CBS television movie (1990)

A Killing in a Small Town, also known as Evidence of Love, is a 1990 American crime drama television film directed by Stephen Gyllenhaal and written by Cynthia Cidre. The film is based on the 1984 non-fiction book Evidence of Love by John Bloom and Jim Atkinson, and stars Barbara Hershey and Brian Dennehy. It premiered on CBS on May 22, 1990. Hershey won an Emmy in 1990 for Lead Actress Outstanding Lead Actress in a Mini-series or Special; the film was also nominated for 3 other Emmy Awards (Brian Dennehy for Outstanding Supporting Actor in a Mini-series or a Special, Outstanding Directing in a Mini-series or a Special, and Outstanding Drama/Comedy Special).

== Plot ==
Candy Morrison is a well-respected member of her church and community.

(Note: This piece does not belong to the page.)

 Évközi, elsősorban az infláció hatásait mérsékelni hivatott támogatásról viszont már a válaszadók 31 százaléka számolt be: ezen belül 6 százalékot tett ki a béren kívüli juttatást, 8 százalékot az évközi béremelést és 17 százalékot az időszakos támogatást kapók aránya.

After teaching a children’s Bible study, she leaves to pick up a bathing suit at the home of her friend, Peggy Blankenship, for Peggy’s daughter, Meg, who is staying the night with the Morrisons. Candy fails to return to the church in time for the children’s program later that morning; when she does return several hours later, she claims that just she lost track of time.

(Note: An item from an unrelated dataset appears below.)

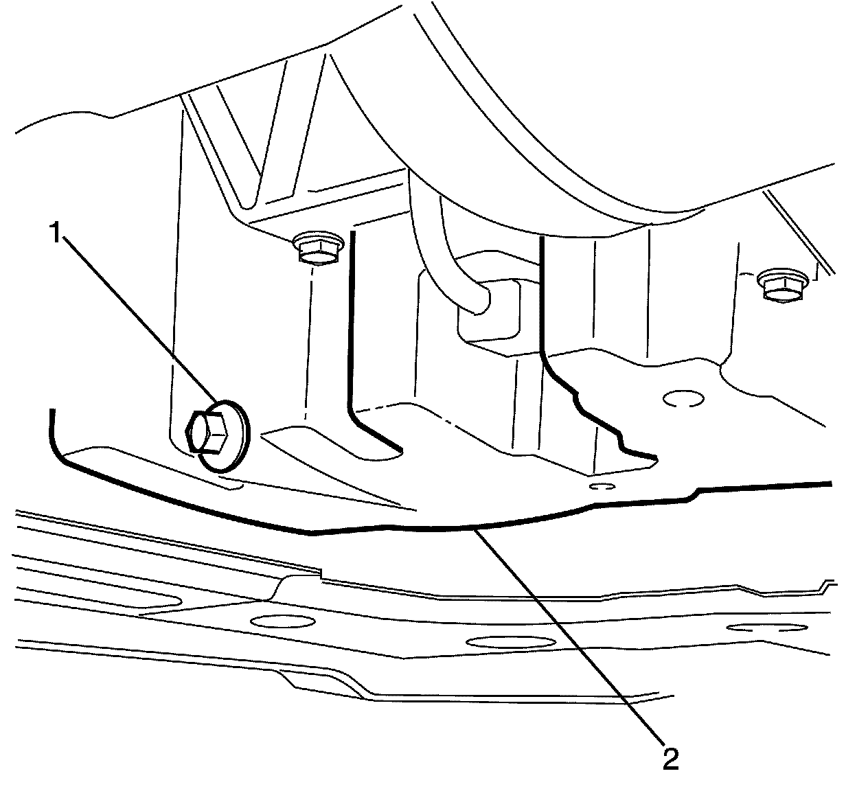1. Install the oil pan drain plug (1) to the oil pan (2).

Later that night, Peggy’s husband, Stan, who is away on a business trip, becomes worried when Peggy fails to answer the phone and asks his neighbors to check on her. When the neighbors enter the Blankenship home, they discover blood in the bathroom and Peggy’s infant daughter crying in her crib. Eventually, they make their way into the utility room, where they find Peggy’s bloodied and mutilated body. It is revealed that she was struck with an axe more than forty times.

The police begin questioning various persons of interest, including Stan, who confesses to having had an affair with Candy prior to the murder. When questioned, she admits to the affair but says their relationship ended mutually. Detectives notice inconsistencies in Candy’s story, as well as matching bloody prints from the crime scene, and eventually come to believe she committed the murder. After an intense interrogation, Candy and her husband hire attorney Ed Reivers.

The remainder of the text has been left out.